Wednesday, May 7, 2008

Street Cred

When I first told my brother that I was taking up African Drumming, he chuckled. All he could imagine was a bunch of middle aged white women getting together to get 'spiritual' at some kind of drum circle.

Even after he met my teacher, he really didn't understand. He knew I was serious, but I think he had a hard time taking my playing seriously until he actually saw me play with Sidy. One night, Sidy and I sat down and played Dansa together. From that point on, Jake knew that this wasn't some American middle class dumbed down version of African drumming. It was the real deal.

I have come to face the fact that I will probably always have to prove myself as a drummer, not just because I am American, but because I am a woman, I am white and I am over 40. I have, in other words, no real credibility EXCEPT my skills. I did not grow up hearing this stuff at every wedding. I have no innate sense of rhythm. I have no cultural connection to this music. The only thing I have is dedication, hard work and the willingness to practice every day. Play every day. Take lessons 2 or 3 times a week. Eat, dream, sleep, wake up in the middle of the night working through a rhythm, every day. The only thing I have going for me is my love for this instrument, the culture it came from, and my amazing teacher.

I know there are people out there who don't think I deserve to play a djembe. There was a whole series of articles, recently, at Culture Central exploring this very issue.

Part of me is very sad about this. Part of me is angry. I feel compassionate, too, because I think I understand where it all comes from. But mostly I feel that the only way to prove that I deserve to play this instrument is to be the best player I can possibly be.

At the end of the day, there is really only one thing that matters. My teacher thinks I deserve to play. For me, that is the most important thing.

7 comments:

spinning in air said...

Rachel, I think... you have to take people where they are, and vice versa. Like I said on the forum, we all take ourselves wherever we go, and a lot of the things that some are upset about have less to do with race per se than with other issues.

As a fellow Christian, I find myself having to try to put myself in the other person's shoes. it's not always easy, but ... we have a few commands about that, no? As a fellow white woman over a certain age, well... the thing with *any* kind of music (or any other area of the performing arts) is that someone, somewhere, is going to be closed-minded about something simply because... they are. (i.e., they're human and all of us humans have our individual prejudices and blind spots).

My thought is that you be you, follow Christ, play music. Your heart's in the right place, and people will see and hear that.

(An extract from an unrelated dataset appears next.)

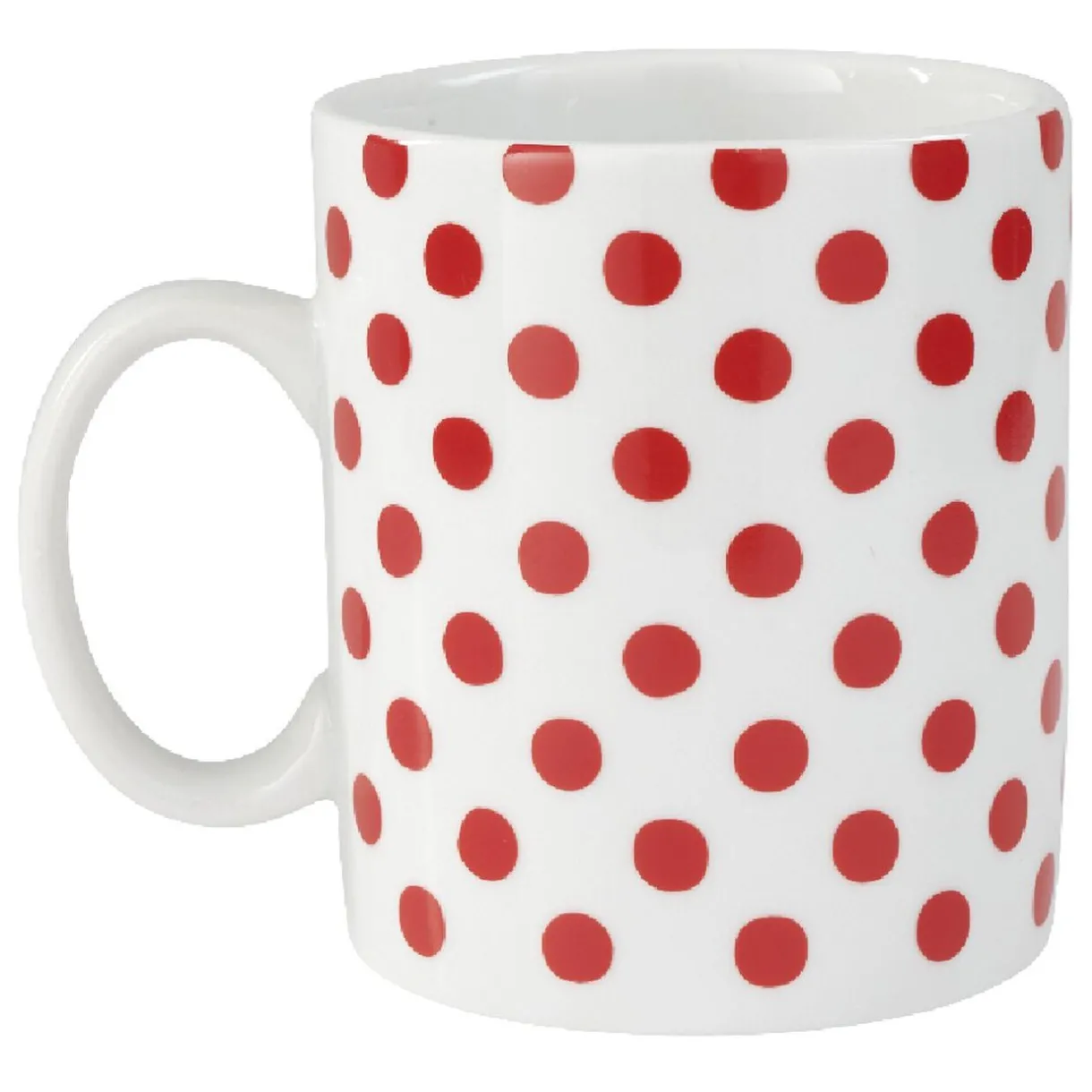 Mug classique blanc motifs pois rouges, d’une contenance de 35 cl.

I don't think anyone gains automatic acceptance based on skin color, or... any number of other factors.

If you let this whole quandry keep stewing, your feelings about it could keep you from getting to know others who share the same passion. (I say this because I'm struggling with it myself!) Best to just go ahead, learn, play, and treat others as you would like to be treated...

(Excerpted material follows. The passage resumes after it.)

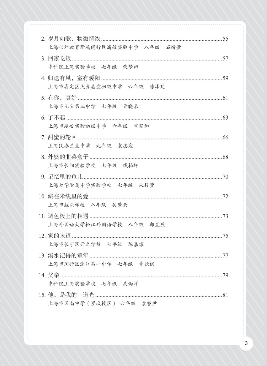 ?本书题材多样、情感真挚、结构清晰、语言生动,部分作品巧妙融合传统文化与现代视角,彰显文化自信。本书可作为初中生写作训练的优质范本,亦为教师教学提供丰富参考,助力学生在真实情境中学会叙事、抒情与思辨。

I hope these thoughts are helpful, and not me just rambling. ;-)

spinning in air said...

Oops - "quandary," not "quandry."

spinning in air said...

One last thing: this article (I think) helps show that there are difficulties that every drummer - and dancer - faces in class and out of it. though the article is about dance, you could apply it to the music as well...

http://www.culturecentral.org/site/lead-story-are-you-causing-a-jam-on-the-dance-floor.html

Rachel Nguyen said...

Hey Spinning,

I am surprised that you got a sense that I was 'stewing' about this from this post. I am not stewing at all! I am all the more determined to work hard, study hard, practice hard. The only way I will ever be able to offer an answer on this issue is with my hands on a goat skin, LOL.

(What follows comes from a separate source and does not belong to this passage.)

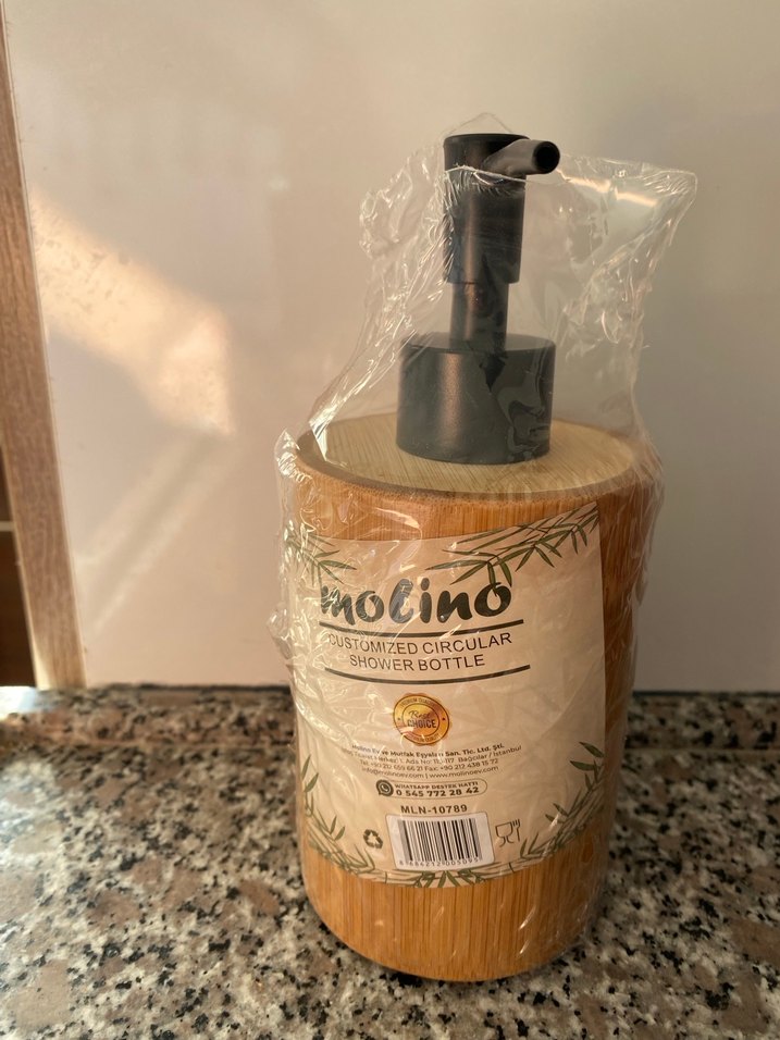 Ahşap bambu sabunluk yüzeye sahip, siyah pompalı Koruyucu plastik ambalaj içinde.

As to your comment about taking people as they are, where they are, I agree, certainly. I pray for everyone involved to have compassion for each other.

spinning in air said...

Oh man, i'm sorry that I misread you - which I really did do. Text-only communication can be so hard sometimes! (and this whole subject is so fraught, as you've seen from my responses...)

And I think you're entirely right about the only response you (we) can offer, too.

Rachel Nguyen said...

No worries!

This is a difficult issue, for sure. As I said over on Djembefola... and will say here, I think that talking about it is a very good thing. Opening the lines of communication, listening with open minds and open hearts, is really important.

My basic point in the post is that I am going to have to prove myself as a musician over and over again... which means I have to work hard to be good enough to do that.

At the end of the day, I hope that we, all of us, will be agents of healing.

spinning in air said...

"Amen" to everything you're saying, Rachel!